Most of us connect an agent to a tool, test it a few times, and move on. The agent answers questions correctly, so we assume it's safe. But "answers correctly" and "can't be talked into doing something bad" are two completely different things. And right now, most agents in production have never been checked for the second one.
That gap is the subject of this issue. It's also one of the best sections in Agentic AI with Microsoft Foundry, which spends real time on exactly this problem:
what your agent's tools can do?
who's watching when it uses them?
and how to test it before an attacker does?
The Question Changed, and Most People Didn't Notice!
For a while, building an agent just meant getting good answers out of a model. Now agents call tools. They read your database, open tickets, send emails, touch your codebase. Once an agent can act, a bad answer isn’t just embarrassing. It’s a bad action, taken on your behalf!

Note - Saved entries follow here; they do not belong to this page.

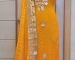 Bandhej suit gotta patti work yellow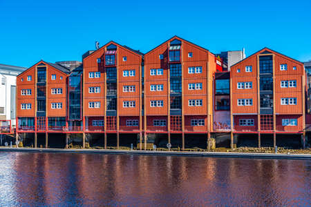 Colorful timber houses surrounding river Nidelva in the Brygge district of Trondheim, Norway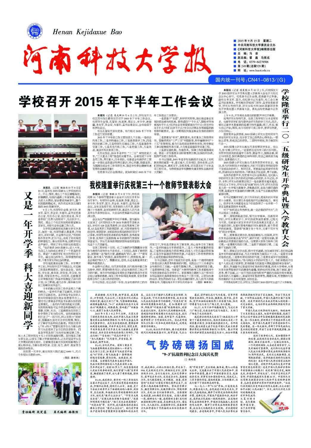 本报讯(记者段笑蓉)9月11日上午,河南科技大学2015级研究生开学典礼暨入学教育大会在开元校区会议中心举行。校党委书记孙金锋,党委副书记李漪,副校长李友军、雷方,校纪委书记朱春阳,校工会主席孟伟出席
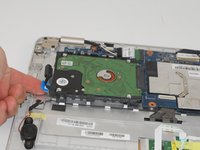 Pull up on the ribbon beneath the hard drive to lift the hard drive upwards.

This shift is why security researchers created an entirely new list of risks just for agents. In December 2025, OWASP published its first Top 10 for Agentic Applications. It’s different from the older list made for chatbots. It adds things like “agent goal hijack” and “tool misuse”, problems that only exist once an agent has real access to real systems.
The numbers back this up. HackerOne, the platform companies use to report security bugs, found that AI-related vulnerability reports jumped 210% in a year. Reports specifically about prompt injection, tricking a model into ignoring its instructions, jumped 540%.
Agentic AI with Microsoft Foundry covers this exact risk in its chapter on agent tools. The authors point out something simple but easy to miss: if you connect an agent to an external tool server and don’t explicitly limit what it can access, the agent inherits everything that server can do. For something like GitHub, that can include deleting a repository or force-pushing to a protected branch. Nobody asked for that. It just comes with the connection, by default.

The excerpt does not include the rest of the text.